(Records from a dataset)
------------------------------------------------
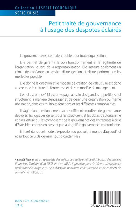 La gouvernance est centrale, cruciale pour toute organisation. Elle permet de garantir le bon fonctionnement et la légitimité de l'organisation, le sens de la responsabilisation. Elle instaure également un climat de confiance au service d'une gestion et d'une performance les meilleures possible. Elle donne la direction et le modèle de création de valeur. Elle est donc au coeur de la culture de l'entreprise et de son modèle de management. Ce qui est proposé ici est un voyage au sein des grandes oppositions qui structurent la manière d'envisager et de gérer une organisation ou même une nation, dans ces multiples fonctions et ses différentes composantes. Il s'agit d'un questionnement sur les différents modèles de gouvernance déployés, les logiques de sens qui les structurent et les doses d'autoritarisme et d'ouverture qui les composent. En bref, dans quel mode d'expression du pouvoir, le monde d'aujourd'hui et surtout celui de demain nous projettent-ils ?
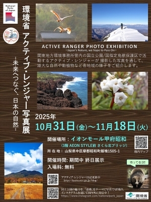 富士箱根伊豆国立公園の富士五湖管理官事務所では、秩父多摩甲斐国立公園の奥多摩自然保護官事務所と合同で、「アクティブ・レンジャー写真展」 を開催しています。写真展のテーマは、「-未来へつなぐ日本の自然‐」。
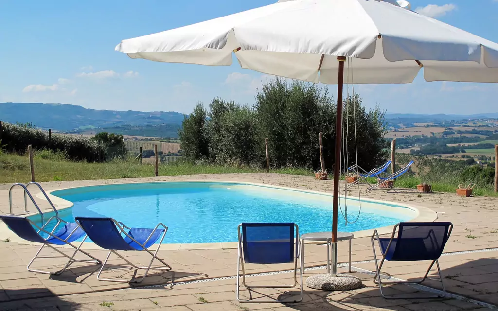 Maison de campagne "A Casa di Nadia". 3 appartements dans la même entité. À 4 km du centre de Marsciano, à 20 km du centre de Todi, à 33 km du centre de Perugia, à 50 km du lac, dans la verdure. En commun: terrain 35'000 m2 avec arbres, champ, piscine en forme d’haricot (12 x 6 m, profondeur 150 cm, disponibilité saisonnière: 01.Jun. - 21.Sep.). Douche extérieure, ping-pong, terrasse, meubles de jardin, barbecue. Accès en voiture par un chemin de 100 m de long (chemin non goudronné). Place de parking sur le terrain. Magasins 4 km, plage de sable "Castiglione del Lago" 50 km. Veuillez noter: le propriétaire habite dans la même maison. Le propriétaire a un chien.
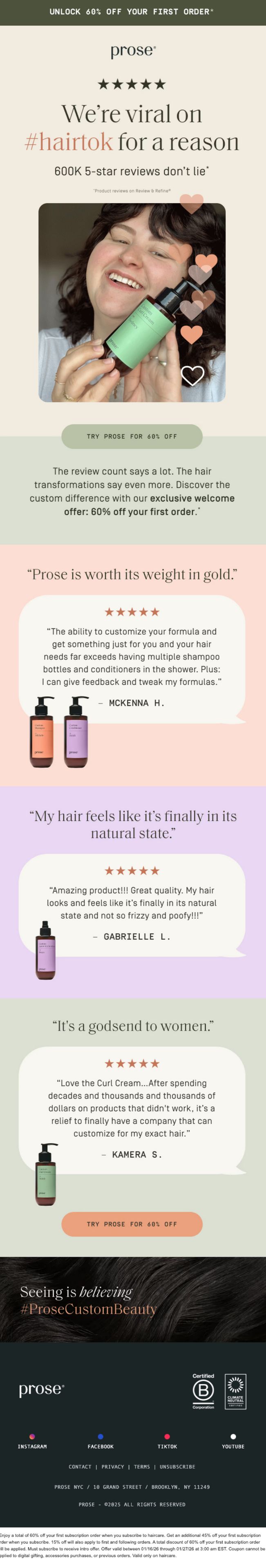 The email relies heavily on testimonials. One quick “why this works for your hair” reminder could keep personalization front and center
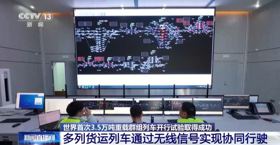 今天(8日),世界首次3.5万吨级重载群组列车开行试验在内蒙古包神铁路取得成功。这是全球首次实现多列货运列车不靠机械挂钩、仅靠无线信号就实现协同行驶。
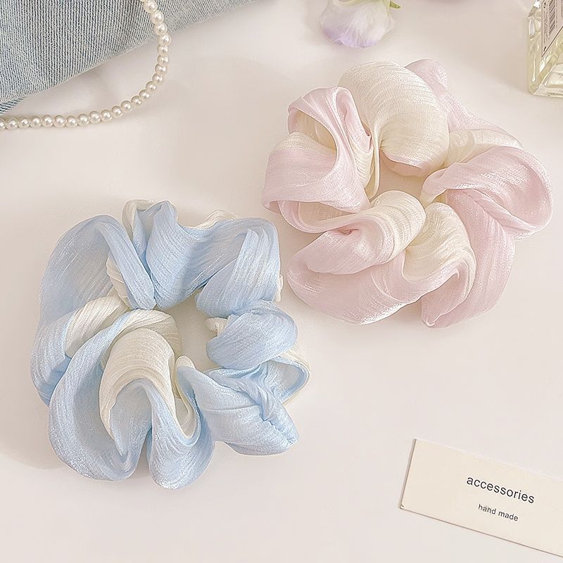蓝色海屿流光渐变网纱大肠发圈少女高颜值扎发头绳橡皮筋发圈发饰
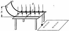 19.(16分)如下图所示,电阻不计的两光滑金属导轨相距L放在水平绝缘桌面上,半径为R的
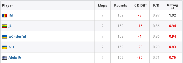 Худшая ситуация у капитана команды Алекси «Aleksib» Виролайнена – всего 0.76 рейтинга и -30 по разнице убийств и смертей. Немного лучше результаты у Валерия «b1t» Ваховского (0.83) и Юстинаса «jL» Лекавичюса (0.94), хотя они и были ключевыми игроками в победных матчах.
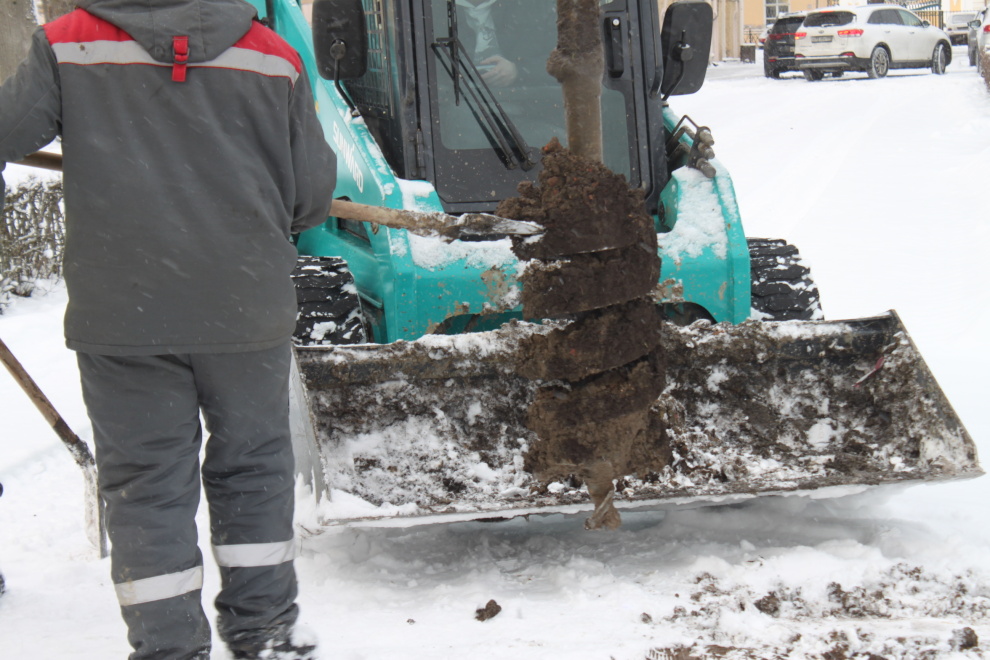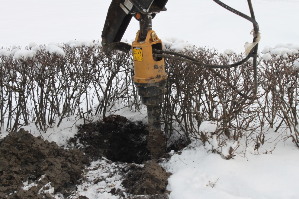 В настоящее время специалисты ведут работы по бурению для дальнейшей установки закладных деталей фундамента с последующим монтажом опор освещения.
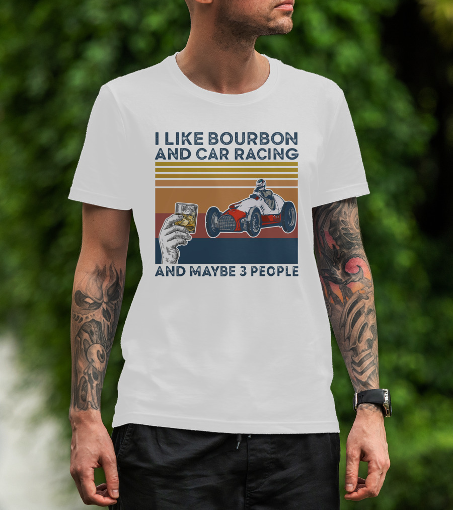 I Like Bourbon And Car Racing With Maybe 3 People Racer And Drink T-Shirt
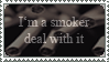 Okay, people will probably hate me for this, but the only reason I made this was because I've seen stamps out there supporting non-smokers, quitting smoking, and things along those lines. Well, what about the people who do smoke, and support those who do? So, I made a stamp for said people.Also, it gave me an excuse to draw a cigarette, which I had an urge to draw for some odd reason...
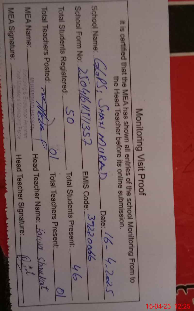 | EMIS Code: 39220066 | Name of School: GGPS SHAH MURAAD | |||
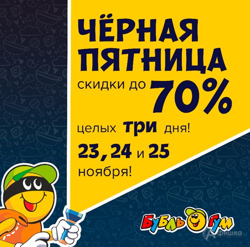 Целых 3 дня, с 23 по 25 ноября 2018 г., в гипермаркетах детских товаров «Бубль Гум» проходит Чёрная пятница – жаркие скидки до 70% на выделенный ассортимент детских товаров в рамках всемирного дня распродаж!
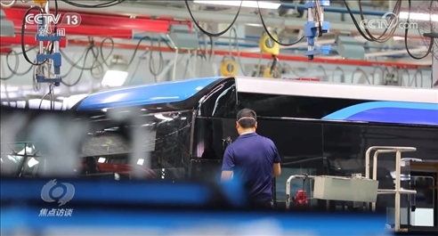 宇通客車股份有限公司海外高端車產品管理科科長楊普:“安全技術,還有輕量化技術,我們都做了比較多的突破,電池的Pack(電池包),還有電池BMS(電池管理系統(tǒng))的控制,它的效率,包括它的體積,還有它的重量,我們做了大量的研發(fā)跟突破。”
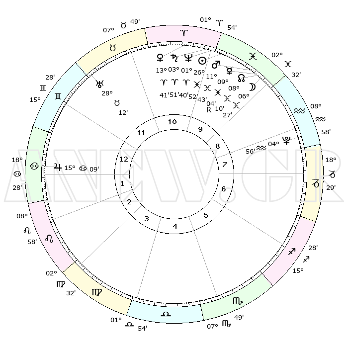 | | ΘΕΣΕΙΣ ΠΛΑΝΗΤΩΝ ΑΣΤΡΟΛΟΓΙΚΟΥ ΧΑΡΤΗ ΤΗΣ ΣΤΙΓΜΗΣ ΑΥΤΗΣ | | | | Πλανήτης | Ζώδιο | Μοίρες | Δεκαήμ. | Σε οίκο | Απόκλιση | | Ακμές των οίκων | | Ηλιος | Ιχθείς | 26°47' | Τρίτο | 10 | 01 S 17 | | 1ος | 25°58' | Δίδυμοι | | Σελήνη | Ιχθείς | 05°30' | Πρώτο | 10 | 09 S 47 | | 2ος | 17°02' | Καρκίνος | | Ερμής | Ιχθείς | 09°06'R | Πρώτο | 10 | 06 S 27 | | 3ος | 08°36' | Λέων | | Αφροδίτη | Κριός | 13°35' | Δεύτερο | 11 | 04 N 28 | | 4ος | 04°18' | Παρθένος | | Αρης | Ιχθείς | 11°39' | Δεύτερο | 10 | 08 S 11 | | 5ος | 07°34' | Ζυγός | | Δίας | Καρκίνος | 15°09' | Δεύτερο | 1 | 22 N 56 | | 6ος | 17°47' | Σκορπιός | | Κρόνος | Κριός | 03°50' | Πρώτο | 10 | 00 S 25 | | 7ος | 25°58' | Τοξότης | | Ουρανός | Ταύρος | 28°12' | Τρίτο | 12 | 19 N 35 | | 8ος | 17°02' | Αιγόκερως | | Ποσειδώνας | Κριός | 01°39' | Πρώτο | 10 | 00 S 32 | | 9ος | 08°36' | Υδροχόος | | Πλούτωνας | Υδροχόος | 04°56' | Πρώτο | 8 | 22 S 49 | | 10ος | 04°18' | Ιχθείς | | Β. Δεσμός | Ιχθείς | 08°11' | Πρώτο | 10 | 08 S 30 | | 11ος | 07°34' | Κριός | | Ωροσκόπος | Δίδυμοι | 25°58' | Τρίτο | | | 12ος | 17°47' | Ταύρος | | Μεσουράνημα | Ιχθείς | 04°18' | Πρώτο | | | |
------------------------------------------------
» What the task asks
Above, find the line with "19.(16分)如下图所示,电阻不计的两"; copy it and every line down to the line with "В настоящее время", exactly and both included, but no pictures.

» Problem solution
 19.(16分)如下图所示,电阻不计的两光滑金属导轨相距L放在水平绝缘桌面上,半径为R的
 Худшая ситуация у капитана команды Алекси «Aleksib» Виролайнена – всего 0.76 рейтинга и -30 по разнице убийств и смертей. Немного лучше результаты у Валерия «b1t» Ваховского (0.83) и Юстинаса «jL» Лекавичюса (0.94), хотя они и были ключевыми игроками в победных матчах.
 В настоящее время специалисты ведут работы по бурению для дальнейшей установки закладных деталей фундамента с последующим монтажом опор освещения.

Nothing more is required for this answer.